In other words, much of the state apparatus – and especially, important parts of the CIA, NSA and FBI – has turned on the Bush administration.
Republicans in Congress have begun to call the Bush administration to account. The anti-torture amendment, which had been pushed by the U.S. military, was sponsored by Senator John McCain. Over Bush's objections, Congress voted for it by an overwhelming margin – with the Senate voting for it 90 to 9. Of course, no one seriously believes the U.S. will stop using torture. But just like every other government, it just won't do it openly. The amendment is only a signal that Congress has had enough of Bush thumbing his nose at U.S. allies, which gets in the way of U.S. policy.
What is more significant is that starting in early February, Judiciary Chairman Arlen Specter will open the investigation into the NSA charges, charges that could lead to impeachment, or even the possibility of criminal charges being filed.
This is not to say that impeachment is likely. As John Murtha told 60 Minutes: "We want the Bush administration to succeed." But impeachment is a threat. The Bush administration is being boxed in.

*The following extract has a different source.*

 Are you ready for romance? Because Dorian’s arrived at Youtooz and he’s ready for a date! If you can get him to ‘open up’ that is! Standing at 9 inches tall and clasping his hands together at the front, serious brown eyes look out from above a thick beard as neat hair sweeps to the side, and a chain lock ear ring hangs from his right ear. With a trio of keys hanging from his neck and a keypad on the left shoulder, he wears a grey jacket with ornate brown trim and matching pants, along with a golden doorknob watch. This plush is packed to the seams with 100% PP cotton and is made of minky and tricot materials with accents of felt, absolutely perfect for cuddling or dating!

This sudden cascade of indictments and attacks against the Bush administration and its allies cannot just be dismissed as the periodic house cleaning after the corruption caused by one party having dominated government for a while. It is more than that. The state apparatus is asserting itself against a Bush administration, which seemed to believe it had been given "a mandate" to ride roughshod over them.

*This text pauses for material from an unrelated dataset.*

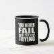 You can add some originality to your wardrobe collection with this " you never fail until you stop trying" text design with awesome typography font lettering, is a great gift idea for men, women, husbands, wife girlfriend, and a boyfriend who will love this unique motivation and inspirational saying artwork. The best amazing short positive sayings present for your wisdom collection. If you like this artwork, you can check out other similar designs and options.

The Democrats, for the most part, have just stood aside, hoping to see the Bush administration self-destruct. For them, it's the best possible world: they don't have to do anything against the interests of the bourgeoisie, and at the same time, by doing nothing they aren't overtly antagonizing their own voting base, broad parts of the working class.

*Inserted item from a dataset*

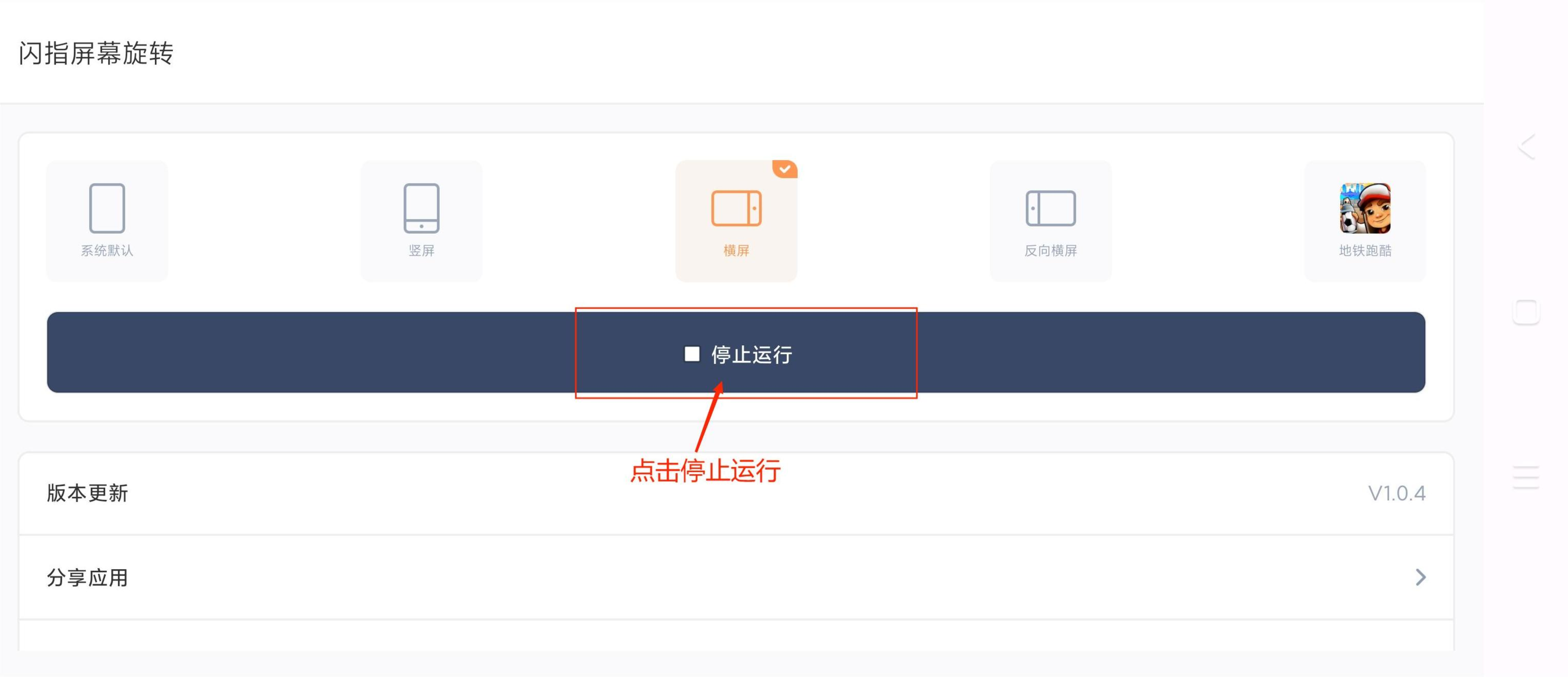 最后,要想关闭超广角视野玩法,返回到‘闪指屏幕旋转’,点击停止运行即可。

Certainly, it can be gratifying for workers to see Bush come under fire, to have the entire gang of scoundrels be brought up on charges.
But the side that is attacking him does not represent the interests of working people any more than Bush does. What's the difference to working people if the U.S. is more efficient at establishing greater U.S. imperial domination over the Middle East? Certainly, it is of no help to workers if there are more Social Security "reforms' which force working people to pay higher taxes and work more years for benefits that are increasingly stingy.
Neither will the offensive against the working class be any slower, if the Democrats take back the Congress or presidency in the coming years, and put their own cronies at the head of these agencies. The Democrats voted for every resolution on the war, and they were the ones who pushed Bush to resurrect those Social Security "reforms." They helped cut public services leading to such disasters as the one on the Gulf Coast after Katrina. And today, even while they criticize Bush for appointing Samuel Alito, someone who has openly opposed Roe v Wade, to the Supreme Court, they pretend there is nothing they can do about it – which, quite obviously, is not true. They have all the means they need to stall the nomination, preventing any vote from ever taking place on him. Up until now, they"ve made it clear they won't do it.
This is a fight between the bourgeoisie's state apparatus and its political parties over the best way to impose the interests of the American ruling class on working people in this country and on the rest of the world. Maybe we can enjoy the spectacle of them squabbling with each other, but at the end of the game, whoever wins will still be a faithful part of the bourgeoisie's team.